▸ Exercise
In the records that follow, find each line with the word "over" and copy it.
((
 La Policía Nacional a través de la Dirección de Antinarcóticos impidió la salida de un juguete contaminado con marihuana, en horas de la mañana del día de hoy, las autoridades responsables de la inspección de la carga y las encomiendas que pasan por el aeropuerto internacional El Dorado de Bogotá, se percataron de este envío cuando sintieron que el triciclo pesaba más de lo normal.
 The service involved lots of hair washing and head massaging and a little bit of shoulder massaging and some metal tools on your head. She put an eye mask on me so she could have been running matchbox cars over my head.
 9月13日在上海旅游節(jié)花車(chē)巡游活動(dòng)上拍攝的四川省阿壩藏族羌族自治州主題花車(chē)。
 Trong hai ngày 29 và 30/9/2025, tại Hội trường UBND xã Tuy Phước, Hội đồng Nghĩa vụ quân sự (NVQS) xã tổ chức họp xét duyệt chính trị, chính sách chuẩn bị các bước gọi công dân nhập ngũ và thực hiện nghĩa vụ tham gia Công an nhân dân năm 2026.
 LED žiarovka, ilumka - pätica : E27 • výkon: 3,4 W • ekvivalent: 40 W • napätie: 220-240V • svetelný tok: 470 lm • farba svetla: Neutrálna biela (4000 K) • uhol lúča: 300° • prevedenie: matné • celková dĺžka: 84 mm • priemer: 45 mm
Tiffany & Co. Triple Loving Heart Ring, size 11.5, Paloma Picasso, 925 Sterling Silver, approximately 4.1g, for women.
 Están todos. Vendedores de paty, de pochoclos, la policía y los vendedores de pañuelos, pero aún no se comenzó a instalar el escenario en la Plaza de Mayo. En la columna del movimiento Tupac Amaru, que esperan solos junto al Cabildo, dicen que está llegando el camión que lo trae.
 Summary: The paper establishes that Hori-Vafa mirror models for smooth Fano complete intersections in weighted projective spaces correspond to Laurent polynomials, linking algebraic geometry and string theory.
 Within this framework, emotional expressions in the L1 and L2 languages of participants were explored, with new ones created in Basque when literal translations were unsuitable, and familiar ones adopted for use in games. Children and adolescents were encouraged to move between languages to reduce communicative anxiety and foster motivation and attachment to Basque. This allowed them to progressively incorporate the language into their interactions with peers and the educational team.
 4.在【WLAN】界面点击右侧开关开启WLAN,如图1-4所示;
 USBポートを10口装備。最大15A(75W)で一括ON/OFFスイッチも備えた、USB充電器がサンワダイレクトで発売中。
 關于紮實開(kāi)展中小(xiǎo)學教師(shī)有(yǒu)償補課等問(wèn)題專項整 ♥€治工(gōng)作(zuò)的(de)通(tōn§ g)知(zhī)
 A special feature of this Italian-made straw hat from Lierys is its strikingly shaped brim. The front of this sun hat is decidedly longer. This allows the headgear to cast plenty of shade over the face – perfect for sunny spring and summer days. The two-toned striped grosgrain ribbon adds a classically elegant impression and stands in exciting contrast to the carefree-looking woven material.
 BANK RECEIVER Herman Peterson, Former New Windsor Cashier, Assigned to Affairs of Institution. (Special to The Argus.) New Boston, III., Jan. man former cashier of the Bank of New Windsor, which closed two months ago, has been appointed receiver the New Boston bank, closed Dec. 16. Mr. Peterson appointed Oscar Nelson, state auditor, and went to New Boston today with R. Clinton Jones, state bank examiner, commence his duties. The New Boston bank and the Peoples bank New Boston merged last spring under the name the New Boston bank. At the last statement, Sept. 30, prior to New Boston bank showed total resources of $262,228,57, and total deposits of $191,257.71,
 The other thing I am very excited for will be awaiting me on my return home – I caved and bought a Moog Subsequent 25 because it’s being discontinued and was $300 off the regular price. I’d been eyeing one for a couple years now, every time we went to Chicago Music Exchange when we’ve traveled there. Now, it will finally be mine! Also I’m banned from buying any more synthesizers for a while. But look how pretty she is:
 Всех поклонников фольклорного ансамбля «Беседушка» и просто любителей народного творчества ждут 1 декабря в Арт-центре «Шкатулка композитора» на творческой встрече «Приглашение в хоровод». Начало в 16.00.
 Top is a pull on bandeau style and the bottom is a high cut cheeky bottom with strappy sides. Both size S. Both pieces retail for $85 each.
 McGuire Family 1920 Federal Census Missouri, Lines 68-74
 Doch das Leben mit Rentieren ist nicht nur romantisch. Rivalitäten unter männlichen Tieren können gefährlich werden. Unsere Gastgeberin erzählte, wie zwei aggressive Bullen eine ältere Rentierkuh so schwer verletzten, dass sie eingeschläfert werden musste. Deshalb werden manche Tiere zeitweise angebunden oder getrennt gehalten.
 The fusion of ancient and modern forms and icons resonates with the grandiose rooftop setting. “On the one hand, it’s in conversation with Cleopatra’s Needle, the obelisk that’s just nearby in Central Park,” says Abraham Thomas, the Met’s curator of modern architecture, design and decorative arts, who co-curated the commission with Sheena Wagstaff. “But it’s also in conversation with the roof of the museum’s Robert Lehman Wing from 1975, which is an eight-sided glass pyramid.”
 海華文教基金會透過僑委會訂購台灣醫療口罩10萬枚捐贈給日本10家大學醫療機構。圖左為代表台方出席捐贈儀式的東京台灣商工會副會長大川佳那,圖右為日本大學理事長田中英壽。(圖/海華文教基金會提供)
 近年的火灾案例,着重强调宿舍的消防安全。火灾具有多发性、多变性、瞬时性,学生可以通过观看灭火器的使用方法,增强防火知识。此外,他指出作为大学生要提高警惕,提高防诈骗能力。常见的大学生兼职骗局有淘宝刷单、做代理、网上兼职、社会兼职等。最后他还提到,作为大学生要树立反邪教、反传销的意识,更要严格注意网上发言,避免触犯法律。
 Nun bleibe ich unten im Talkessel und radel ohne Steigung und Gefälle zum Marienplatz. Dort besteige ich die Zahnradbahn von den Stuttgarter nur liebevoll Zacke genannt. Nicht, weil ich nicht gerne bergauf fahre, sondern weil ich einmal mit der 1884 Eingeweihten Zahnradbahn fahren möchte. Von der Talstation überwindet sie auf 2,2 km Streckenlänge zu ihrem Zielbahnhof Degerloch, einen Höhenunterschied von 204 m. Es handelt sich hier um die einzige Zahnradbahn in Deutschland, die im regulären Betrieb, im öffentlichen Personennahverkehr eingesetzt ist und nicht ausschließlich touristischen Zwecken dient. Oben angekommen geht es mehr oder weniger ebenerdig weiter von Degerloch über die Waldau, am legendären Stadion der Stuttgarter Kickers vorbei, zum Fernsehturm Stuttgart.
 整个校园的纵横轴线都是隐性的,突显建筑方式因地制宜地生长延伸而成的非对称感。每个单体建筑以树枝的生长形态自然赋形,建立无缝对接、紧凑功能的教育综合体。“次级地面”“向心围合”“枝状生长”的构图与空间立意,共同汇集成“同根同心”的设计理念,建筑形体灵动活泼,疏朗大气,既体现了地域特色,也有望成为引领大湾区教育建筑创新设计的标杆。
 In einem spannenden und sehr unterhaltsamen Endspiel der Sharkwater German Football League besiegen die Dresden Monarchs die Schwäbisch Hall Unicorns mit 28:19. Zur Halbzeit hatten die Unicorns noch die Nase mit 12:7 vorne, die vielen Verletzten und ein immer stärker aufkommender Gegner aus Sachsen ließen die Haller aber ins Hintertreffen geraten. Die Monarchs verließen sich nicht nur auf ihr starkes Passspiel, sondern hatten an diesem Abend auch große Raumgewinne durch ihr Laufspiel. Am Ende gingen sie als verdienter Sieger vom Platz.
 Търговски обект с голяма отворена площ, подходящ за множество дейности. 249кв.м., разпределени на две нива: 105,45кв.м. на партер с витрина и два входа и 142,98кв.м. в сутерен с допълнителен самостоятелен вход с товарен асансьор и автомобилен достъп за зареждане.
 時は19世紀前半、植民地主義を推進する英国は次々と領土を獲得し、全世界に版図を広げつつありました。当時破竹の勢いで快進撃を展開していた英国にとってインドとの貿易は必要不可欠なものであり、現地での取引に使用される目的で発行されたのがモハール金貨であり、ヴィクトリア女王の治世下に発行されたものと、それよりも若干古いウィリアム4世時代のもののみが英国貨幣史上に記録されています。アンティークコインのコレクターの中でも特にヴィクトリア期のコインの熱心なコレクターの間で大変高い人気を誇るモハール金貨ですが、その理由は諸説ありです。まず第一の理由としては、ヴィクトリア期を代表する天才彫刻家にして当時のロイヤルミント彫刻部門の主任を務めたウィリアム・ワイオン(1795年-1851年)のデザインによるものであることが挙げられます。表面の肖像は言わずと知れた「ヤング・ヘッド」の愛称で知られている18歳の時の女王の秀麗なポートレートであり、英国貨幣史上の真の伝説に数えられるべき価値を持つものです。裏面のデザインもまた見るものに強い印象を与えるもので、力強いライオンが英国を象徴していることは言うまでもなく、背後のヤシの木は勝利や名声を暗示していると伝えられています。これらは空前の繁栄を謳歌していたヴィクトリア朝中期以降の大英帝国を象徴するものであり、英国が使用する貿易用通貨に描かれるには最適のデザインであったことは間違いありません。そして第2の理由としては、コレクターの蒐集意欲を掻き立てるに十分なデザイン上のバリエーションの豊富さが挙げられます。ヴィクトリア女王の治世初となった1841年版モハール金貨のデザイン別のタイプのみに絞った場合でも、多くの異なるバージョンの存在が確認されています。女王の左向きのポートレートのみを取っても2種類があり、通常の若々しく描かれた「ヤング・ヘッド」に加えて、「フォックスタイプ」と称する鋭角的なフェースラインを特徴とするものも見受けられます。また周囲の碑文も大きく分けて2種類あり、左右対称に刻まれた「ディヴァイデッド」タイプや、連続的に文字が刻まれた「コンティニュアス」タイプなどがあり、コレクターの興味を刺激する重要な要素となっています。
))
▸ Problem solution
 The service involved lots of hair washing and head massaging and a little bit of shoulder massaging and some metal tools on your head. She put an eye mask on me so she could have been running matchbox cars over my head.
 A special feature of this Italian-made straw hat from Lierys is its strikingly shaped brim. The front of this sun hat is decidedly longer. This allows the headgear to cast plenty of shade over the face – perfect for sunny spring and summer days. The two-toned striped grosgrain ribbon adds a classically elegant impression and stands in exciting contrast to the carefree-looking woven material.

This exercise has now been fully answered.